Available data>
---

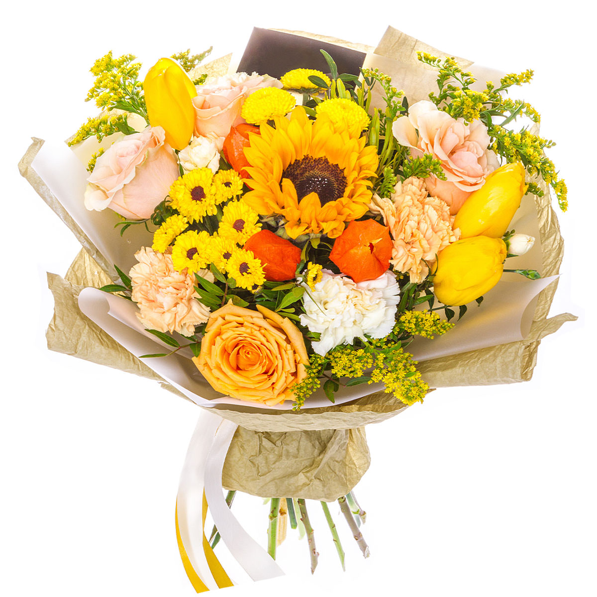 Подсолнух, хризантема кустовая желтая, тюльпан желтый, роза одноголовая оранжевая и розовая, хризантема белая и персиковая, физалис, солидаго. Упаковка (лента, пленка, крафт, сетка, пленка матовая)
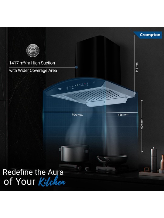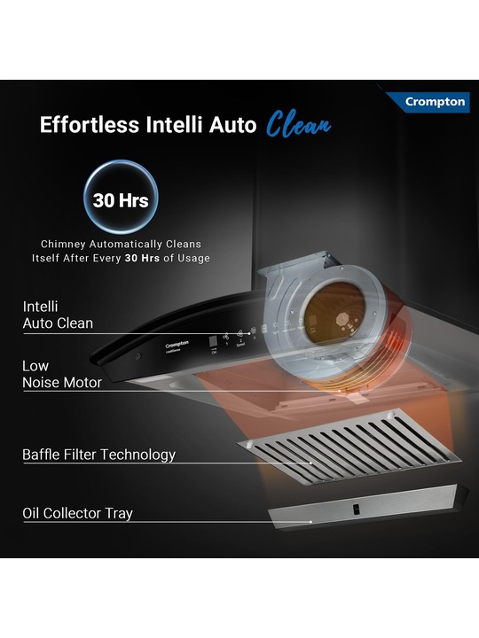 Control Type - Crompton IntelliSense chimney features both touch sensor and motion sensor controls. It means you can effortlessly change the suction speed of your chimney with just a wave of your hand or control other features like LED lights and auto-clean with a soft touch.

---

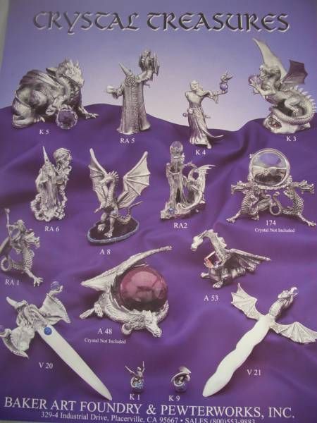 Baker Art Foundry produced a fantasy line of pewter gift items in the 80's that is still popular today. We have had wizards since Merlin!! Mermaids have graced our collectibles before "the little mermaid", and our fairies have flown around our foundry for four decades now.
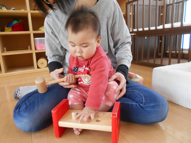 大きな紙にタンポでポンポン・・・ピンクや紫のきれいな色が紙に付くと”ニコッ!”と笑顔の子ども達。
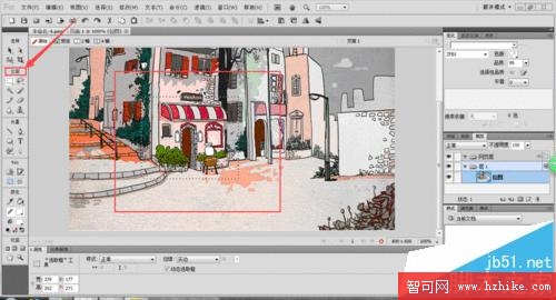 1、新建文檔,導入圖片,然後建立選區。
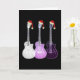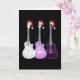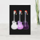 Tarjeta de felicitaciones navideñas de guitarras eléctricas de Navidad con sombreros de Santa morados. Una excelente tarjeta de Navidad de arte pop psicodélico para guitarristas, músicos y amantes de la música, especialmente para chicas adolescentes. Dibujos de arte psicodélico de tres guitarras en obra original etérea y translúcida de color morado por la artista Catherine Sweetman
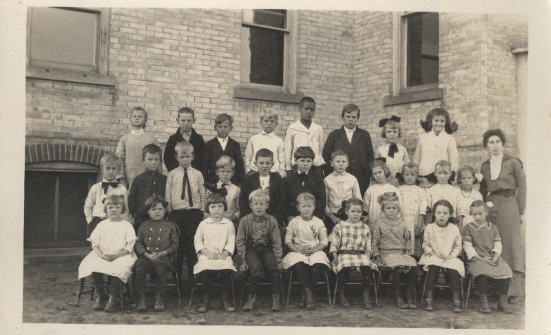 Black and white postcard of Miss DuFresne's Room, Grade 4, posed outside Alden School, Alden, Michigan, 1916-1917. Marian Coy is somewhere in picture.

---

What this task involves> I would like the exact lines from the data above, starting with the one that holds "Baker Art Foundry" and going on through the one that holds "Black and white", without the pictures.

Output below>
 Baker Art Foundry produced a fantasy line of pewter gift items in the 80's that is still popular today. We have had wizards since Merlin!! Mermaids have graced our collectibles before "the little mermaid", and our fairies have flown around our foundry for four decades now.
 大きな紙にタンポでポンポン・・・ピンクや紫のきれいな色が紙に付くと”ニコッ!”と笑顔の子ども達。
 1、新建文檔,導入圖片,然後建立選區。
 Tarjeta de felicitaciones navideñas de guitarras eléctricas de Navidad con sombreros de Santa morados. Una excelente tarjeta de Navidad de arte pop psicodélico para guitarristas, músicos y amantes de la música, especialmente para chicas adolescentes. Dibujos de arte psicodélico de tres guitarras en obra original etérea y translúcida de color morado por la artista Catherine Sweetman
 Black and white postcard of Miss DuFresne's Room, Grade 4, posed outside Alden School, Alden, Michigan, 1916-1917. Marian Coy is somewhere in picture.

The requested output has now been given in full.